BR: And in fact, opening that data up may come back around and start working within the organization to help unlock it and to help it deal with the fear of data that many organizations have. It happens so often, even in the corporate world, that companies come to us and say they really want to open their data and visualize their data and we get a contract and we start to work and Step One is to give us the data. And that is when the people who hired us discover that there are multiple obstacles within the organization to releasing that data, whether they are technical obstacles, administrative obstacles, or legal and security obstacles.
GK: Which data visualizing tools do you recommend?
IAF: When I am asked that question, I always direct people to selection.datavisualization.ch. It is a very extensive list of great tools, from the reasonably sophisticated to the very easy-to-use, such as Leaflet, which is pretty awesome. We used it to build Okavango. What is great about this site is that you have tools for any kind of content you might have. If you want to build timelines, there are many tools to build timelines. If you want to build something that is geographical, Leaflet is great, and Matte Box as well. It really depends what you want to create, but there are many, many easy-to-use tools.
If you want to step up your game and go further, we at the Office of Creative Research tend to use Processing a lot. We think it is a great tool because it isn’t meant for engineers, it is meant for artists. At OCR, we are not programmers foremost, we are designers. Processing is such a good introduction to programming, with an artistic angle to it. If you want to go further than the tools that are designed for a specific task, Processing will let you do just about anything and it isn’t as heavy or as intense as learning coding languages like Python or Ruby. Processing is not really a tool, it is an environment that allows you to build your own tools.
BR: It is important to note that the tools will dictate the visualization.
There is no visualization tool that is going to get the perfect essence of what you’ve got. It is important to understand that. The tools have already asked a certain set of questions and shrink-wrapped them.
And some of them are beautiful, and some of them ask really provocative questions, but they are not going to ask you the specific questions that you might have about your data. You have to look at this whole visualization process as part of a bigger iterative process about data collection. We are kind of at the beginning of this whole thing. As you start to visualize your data, you will find yourself wishing you had asked for the incomes of people as well as their ages, for example, since your data is incomplete. All data is a rough facsimile of reality, and you may find you are missing the critical pieces you need to leverage what you have and the story you want to tell. And that comes back around and hopefully helps you reevaluate what data you, as an organization, are collecting.

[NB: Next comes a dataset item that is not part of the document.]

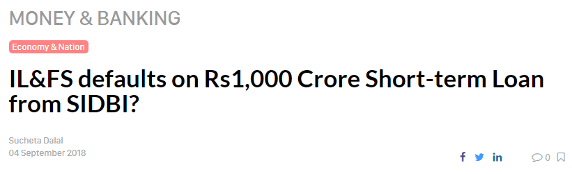 This was a surprise for most market players as just a few days before this default, the bonds of IL&FS were AAA rated. The role of the credit rating agencies came under doubt.
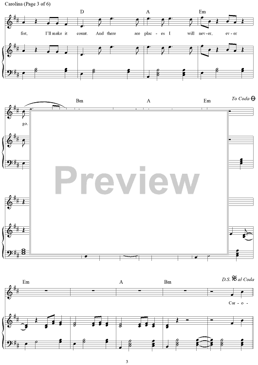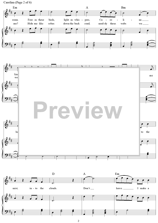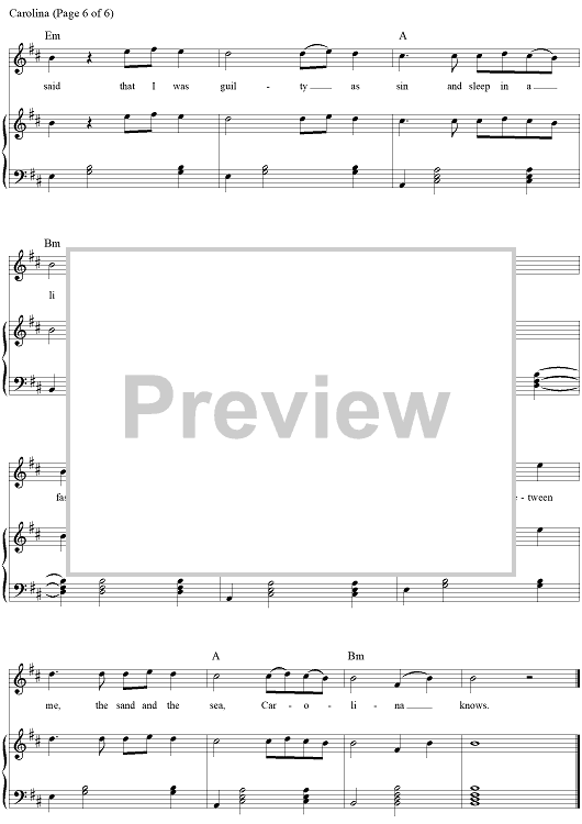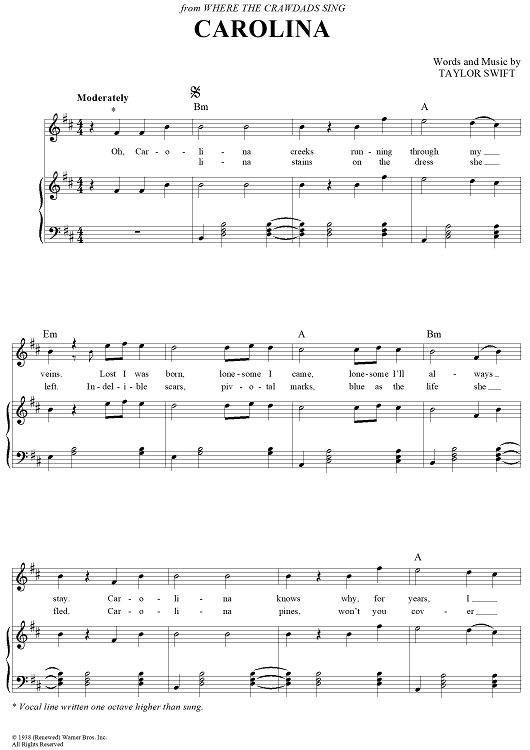 Digital Sheet Music for Carolina - from Where the Crawdads Sing by Taylor Swift scored for Piano/Vocal/Chords; id:497213

IAF: In fact, the bigger the organization, the harder it is to get the data working for us. Data collection is often done with no purpose, no particular goal in mind.
GK: What does your dream data viz project in the social sector look like?
BR: I love projects where language is at the core of the data set. If it is people, people in their own words.
IAF: I like to work with data that has to do with people. As soon as the data is interconnected, it makes it so interesting to analyze the networks of organic systems that evolve and are not visible. It has to be about people and it has to be interconnected.